The change does not specify how to judge whether a variance will protect the water body, saying only that the DEP can use any "generally accepted scientific method or procedure."

DEP spokeswoman Jill Johnson said the change does not weaken state standards, it only recognizes that some water bodies cannot attain the state standard because of natural conditions.

"The department is charged with protecting the resource," she said. "The department isn't going to do anything to allow more (pollution) loading than the resource can handle."

She said the St. Johns River is one example of where a state water quality standard, dissolved oxygen, could not be attained.

"At this point, there aren't any others we're looking at right now," she said.

The trigger that would get the DEP looking at Southwest Florida water bodies is something called the impaired waters list. Waters on the list must be cleaned up, according to the Clean Water Act.

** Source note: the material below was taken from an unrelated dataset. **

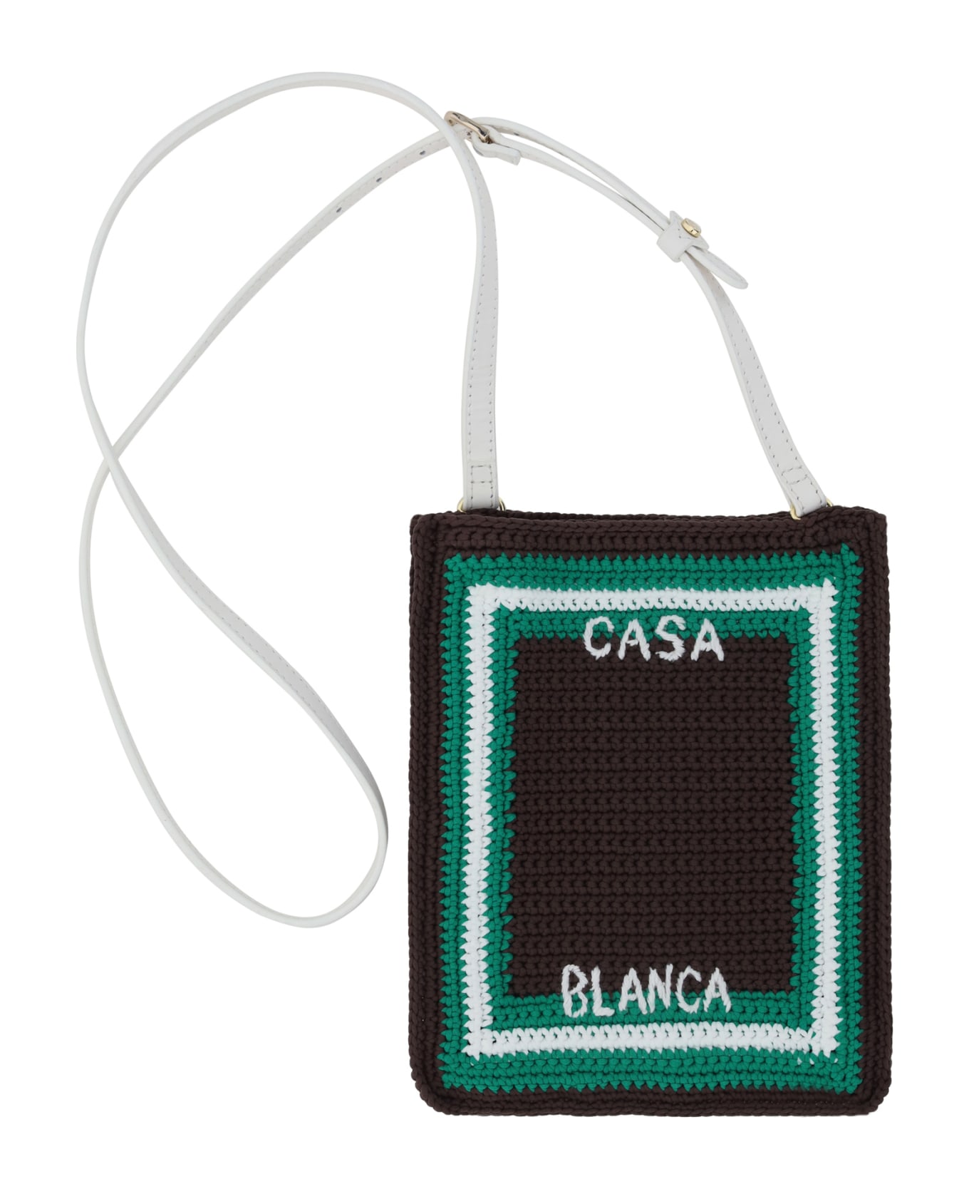 Shoulder bag by casablanca, multicolored crochet design, iconic brand monogram embroidered on front and back, adjustable leather shoulder strap. Composition: 100% % Nylon

In Southwest Florida, the list of impaired waters repeatedly cites nutrients and dissolved oxygen as problems. The list has been changing since 1998.

That's when the EPA, facing a court order, issued the first list. The DEP challenged that list as unscientific and produced its own pared-down list of impaired waters in 2002.

The rules the DEP used to decide what to put on the list are tied up in litigation. A hearing is set for July in Tallahassee.

In 2003, the EPA approved parts of the DEP's list but rejected DEP efforts to remove some waters from the list. A 2007 deadline is looming for clean-ups plans for waters on the list.

The EPA list includes tributaries to Estero Bay in Lee County, the Tamiami Canal, the north stretch of the Barron River canal, Naples Bay, the Gordon River, the Gordon River canal, the Henderson Creek canal, the Golden Gate canal, the Blackwater River, Lake Trafford, and the Cocohatchee River and canal.

The DEP, however, considers data on Naples Bay, the Golden Gate canal and the Gordon River to be inconclusive. City and state monitors are doing more testing this year.

A spot on the list of impaired waters doesn't necessarily mean the DEP will force polluters to clean it up, Young said. The EPA would have to approve any cleanup plan.

The DEP has tried before to get around the Clean Water Act by watering down requirements for putting waters on the impaired waters list, proposing an inadequate cleanup plan for the St. Johns River and then changing the rules to allow for a variance from dissolved oxygen standards.

"For the DEP, this is a game," Young said.

If Naples Bay doesn't get help from the DEP, the EPA still should require a cleanup plan, she said.

"We're going to sue them if they don't," Young said.

She said there is one caveat to that vow: Young said her group wouldn't go to court without the blessing of local concerned citizens.

A push already is on at City Hall to create a plan for improving water quality in the bay that would be a substitute for any DEP cleanup plan.

Naples Natural Resources Manager Mike Bauer has convened a group of environmental advocates, golf course managers, developers and bay-related businesses to come up with a Basin Management Action Plan, or BMAP. The group's second meeting is set for June 21 at City Hall.

"I don't want to get a variance," Bauer said. "I want to get the water clean. I really think people are interested in improving Naples Bay."

Young said the BMAP should have a goal of meeting water quality standards — not just creating pollution prevention programs that might or might not work.

"The devil is in the details," she said.